For this specific question, the data is actually tidy! the values for, say, the Salinity or Phosphate column represent the salinity of a specific sample site in the ocean. If we want to ask questions about the relationship between those variables for each of those observations, then the data is tidy enough:

species %>% ggplot(aes(x=Phosphate, y=Salinity)) + geom_point()

What’s the species distribution?

However, an enterprising student will notice: the species/genera prevalence columns are not tidy! Each Genus is denoted by the first letter in the species name. So, the values in the column called E. Huxleyi actually reflects the prevalence (in organisms per volume) of the organism E. Huxleyi.
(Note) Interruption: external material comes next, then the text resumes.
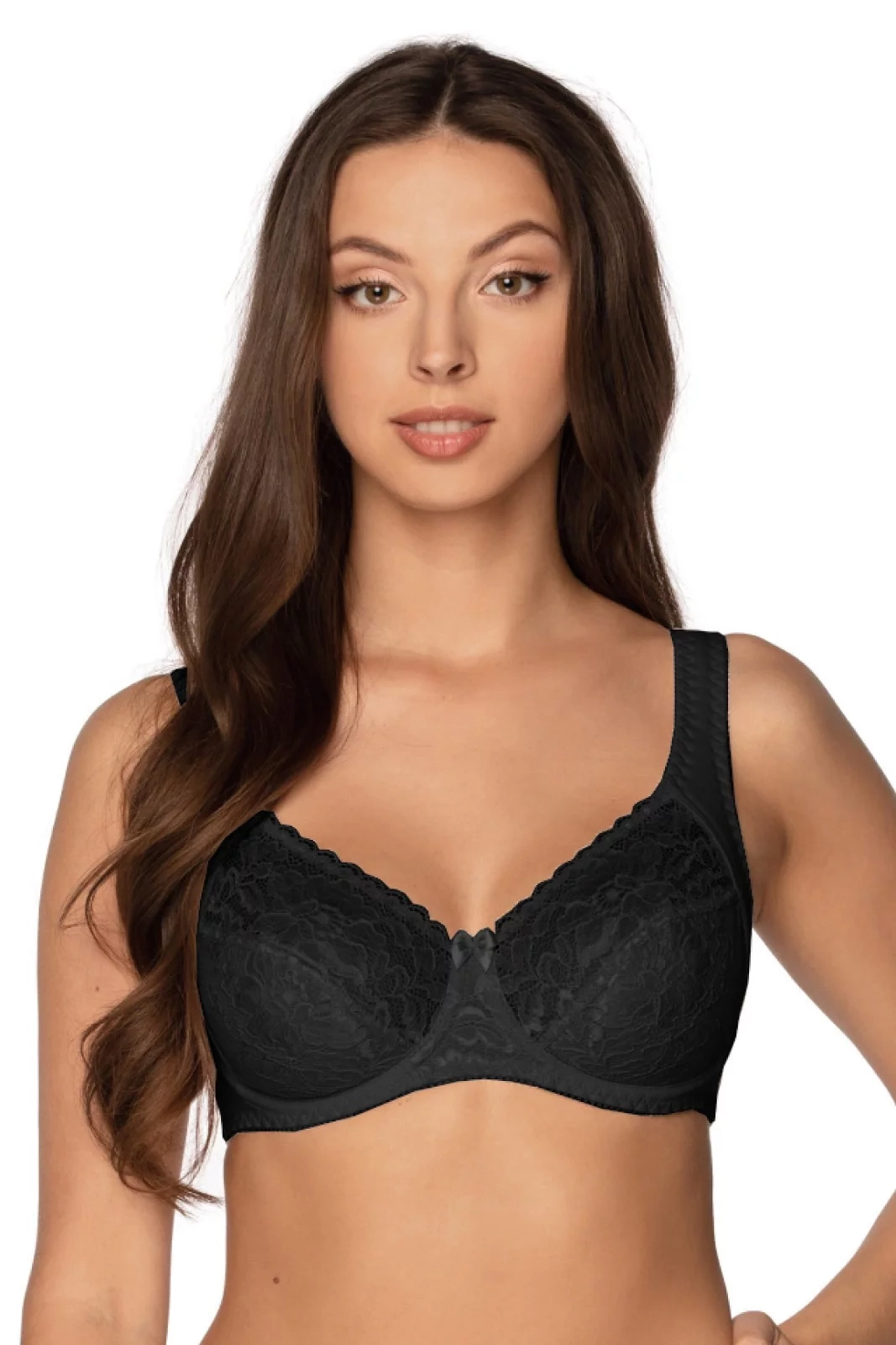 Spodná časť košíčkov je podšitá materiálom. Vrchnú časť košíčkov lemuje ažúrová čipka. Model má bočný pás, ktorý pekne sťahuje poprsie k stredu hrudníka. Podprsenka sa zapína dvoma, alebo tromi háčikmi s trojou možnosťou nastavenia dĺžky obvodu. Model je vhodný pre ženy s väčším poprsím.

Further, that column name actually mixes the genera & species name together! So, asking questions about the relationship between species and genera, or the co-occurence of genera/species has to tidy this data a bit.

To split the data up again, we can use pivot_longer again in the same way we did before:

species_long = species %>% pivot_longer(`A. robusta`:`S. florida`, names_to=c("Genus", "Species"), names_sep='. ', values_to='prevalence')

But, note now that we’ve duplicated tons of measurements of the other rows! This automatically demonstrates why it’s sometimes not economical to input data in a tidy format… it often involves a lot of repetition! Now, though, we can look at the distributions of species/genera in our data, since each value of the prevalence column is a single observation of the prevalence of a single organism.

species_long %>%
  ggplot(aes(x=Genus, y=prevalence, color=Species)) + geom_boxplot() + 
  scale_y_continuous(trans='log10') + annotation_logticks(sides='l') + ylab("Prevalence (log10)")
## Warning: Transformation introduced infinite values in continuous y-axis
## Warning: Removed 664 rows containing non-finite values (stat_boxplot).